Plan your work, and work your plan
The idea behind data science is taking the huge amount of information available today from all of our devices and networks, and enriching it to make it actionable. Data science naturally relies on data, the more the better, but it isn’t just about quantity, it’s about quality. Data science, like all analysis methodologies and techniques, is a “garbage in, garbage out” scenario. Thus, the result of our analysis (intelligence) is only as good as the information the system or systems ingest. Sure, we’re going to enrich a baseline data set with additional sources of information to improve the quality, accuracy, and potential actions that can be taken, but if all of our data sources are garbage, our result will ultimately be garbage.
Machine learning and data science strategies need to be well thought-out and planned. What is the objective of implementing machine learning? What do we want to get out of all the data we are collecting? Define your data plan with objectives, criteria for success, and how you plan to evolve as a result. One example of a methodology that can help is the OODA Loop: Observe, Orient, Decide, Act (courtesy of Col.

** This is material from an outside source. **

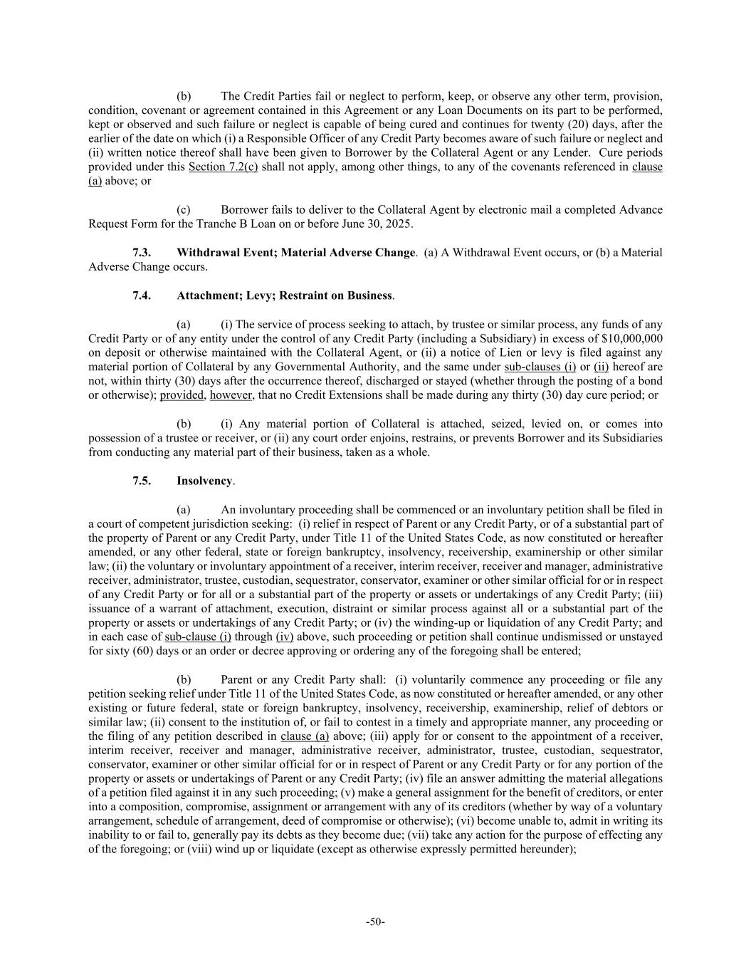-50- (b) The Credit Parties fail or neglect to perform, keep, or observe any other term, provision, condition, covenant or agreement contained in this Agreement or any Loan Documents on its part to be performed, kept or observed and such failure or neglect is capable of being cured and continues for twenty (20) days, after the earlier of the date on which (i) a Responsible Officer of any Credit Party becomes aware of such failure or neglect and (ii) written notice thereof shall have been given to Borrower by the Collateral Agent or any Lender. Cure periods provided under this Section 7.2(c) shall not apply, among other things, to any of the covenants referenced in clause (a) above; or (c) Borrower fails to deliver to the Collateral Agent by electronic mail a completed Advance Request Form for the Tranche B Loan on or before June 30, 2025. 7.3. Withdrawal Event; Material Adverse Change. (a) A Withdrawal Event occurs, or (b) a Material Adverse Change occurs. 7.4. Attachment; Levy; Restraint on Business. (a) (i) The service of process seeking to attach, by trustee or similar process, any funds of any Credit Party or of any entity under the control of any Credit Party (including a Subsidiary) in excess of $10,000,000 on deposit or otherwise maintained with the Collateral Agent, or (ii) a notice of Lien or levy is filed against any material portion of Collateral by any Governmental Authority, and the same under sub-clauses (i) or (ii) hereof are not, within thirty (30) days after the occurrence thereof, discharged or stayed (whether through the posting of a bond or otherwise); provided, however, that no Credit Extensions shall be made during any thirty (30) day cure period; or (b) (i) Any material portion of Collateral is attached, seized, levied on, or comes into possession of a trustee or receiver, or (ii) any court order enjoins, restrains, or prevents Borrower and its Subsidiaries from conducting any material part of their business, taken as a whole. 7.5. Insolvency. (a) An involuntary proceeding shall be commenced or an involuntary petition shall be filed in a court of competent jurisdiction seeking: (i) relief in respect of Parent or any Credit Party, or of a substantial part of the property of Parent or any Credit Party, under Title 11 of the United States Code, as now constituted or hereafter amended, or any other federal, state or foreign bankruptcy, insolvency, receivership, examinership or other similar law; (ii) the voluntary or involuntary appointment of a receiver, interim receiver, receiver and manager, administrative receiver, administrator, trustee, custodian, sequestrator, conservator, examiner or other similar official for or in respect of any Credit Party or for all or a substantial part of the property or assets or undertakings of any Credit Party; (iii) issuance of a warrant of attachment, execution, distraint or similar process against all or a substantial part of the property or assets or undertakings of any Credit Party; or (iv) the winding-up or liquidation of any Credit Party; and in each case of sub-clause (i) through (iv) above, such proceeding or petition shall continue undismissed or unstayed for sixty (60) days or an order or decree approving or ordering any of the foregoing shall be entered; (b) Parent or any Credit Party shall: (i) voluntarily commence any proceeding or file any petition seeking relief under Title 11 of the United States Code, as now constituted or hereafter amended, or any other existing or future federal, state or foreign bankruptcy, insolvency, receivership, examinership, relief of debtors or similar law; (ii) consent to the institution of, or fail to contest in a timely and appropriate manner, any proceeding or the filing of any petition described in clause (a) above; (iii) apply for or consent to the appointment of a receiver, interim receiver, receiver and manager, administrative receiver, administrator, trustee, custodian, sequestrator, conservator, examiner or other similar official for or in respect of Parent or any Credit Party or for any portion of the property or assets or undertakings of Parent or any Credit Party; (iv) file an answer admitting the material allegations of a petition filed against it in any such proceeding; (v) make a general assignment for the benefit of creditors, or enter into a composition, compromise, assignment or arrangement with any of its creditors (whether by way of a voluntary arrangement, schedule of arrangement, deed of compromise or otherwise); (vi) become unable to, admit in writing its inability to or fail to, generally pay its debts as they become due; (vii) take any action for the purpose of effecting any of the foregoing; or (viii) wind up or liquidate (except as otherwise expressly permitted hereunder);

John Boyd).
Machine learning actually can help stop the next attack – if you do it right
Machine learning can help you move past a generic authentication and access security analysis model, toward a user and entity behavioral analytics (UEBA) model. This can help identify normal vs. abnormal behaviors for users and their devices. Does Alice normally log in at 2:47 a.m. on a Wednesday, from halfway across the world, and transfer gigabytes of data? If the answer is “no”, flag this event for immediate investigation, or perhaps block access outright and then investigate.
Machine learning can help organizations in every sector – tech, financial, healthcare, etc. – move from a reactive to a proactive security model. And it can help control costs by providing executive and product management the information they need to make informed, strategic business decisions.
Some essential questions to ask when you’re going through the machine learning-based security vendor selection process:
- Does the vendor understand the data they’re analyzing and technology they’re peddling?
- Do they actually have security experts on staff that can verify the efficacy of the protection provided by the solution?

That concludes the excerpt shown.